● What is being asked
Somewhere below is a line with "У Харківському національному" and, later, a line with "ボディピアス 軟骨ピアス 16G"; repeat those two lines and all the lines between them, exactly as they are.

(Data to use Opens)

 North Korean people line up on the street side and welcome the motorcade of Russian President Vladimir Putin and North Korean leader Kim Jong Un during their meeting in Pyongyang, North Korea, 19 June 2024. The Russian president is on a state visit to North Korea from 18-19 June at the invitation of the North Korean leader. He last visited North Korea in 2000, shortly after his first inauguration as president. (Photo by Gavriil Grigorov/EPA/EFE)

(Data to use Closes)
(Data to use Opens)

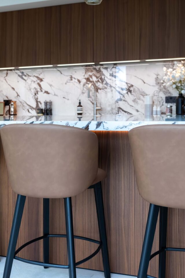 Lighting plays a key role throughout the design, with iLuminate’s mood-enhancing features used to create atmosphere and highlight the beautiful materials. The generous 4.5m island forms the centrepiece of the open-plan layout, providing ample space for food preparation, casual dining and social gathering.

(Data to use Closes)
(Data to use Opens)

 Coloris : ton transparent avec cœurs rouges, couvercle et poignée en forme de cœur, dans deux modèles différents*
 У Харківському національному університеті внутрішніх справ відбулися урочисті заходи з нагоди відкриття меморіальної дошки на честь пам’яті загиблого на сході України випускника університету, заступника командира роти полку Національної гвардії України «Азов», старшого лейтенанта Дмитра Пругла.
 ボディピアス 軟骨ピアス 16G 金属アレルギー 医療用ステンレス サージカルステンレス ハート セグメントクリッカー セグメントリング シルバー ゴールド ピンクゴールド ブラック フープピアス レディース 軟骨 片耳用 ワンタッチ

(Data to use Closes)

● Output for this exercise
 У Харківському національному університеті внутрішніх справ відбулися урочисті заходи з нагоди відкриття меморіальної дошки на честь пам’яті загиблого на сході України випускника університету, заступника командира роти полку Національної гвардії України «Азов», старшого лейтенанта Дмитра Пругла.
 ボディピアス 軟骨ピアス 16G 金属アレルギー 医療用ステンレス サージカルステンレス ハート セグメントクリッカー セグメントリング シルバー ゴールド ピンクゴールド ブラック フープピアス レディース 軟骨 片耳用 ワンタッチ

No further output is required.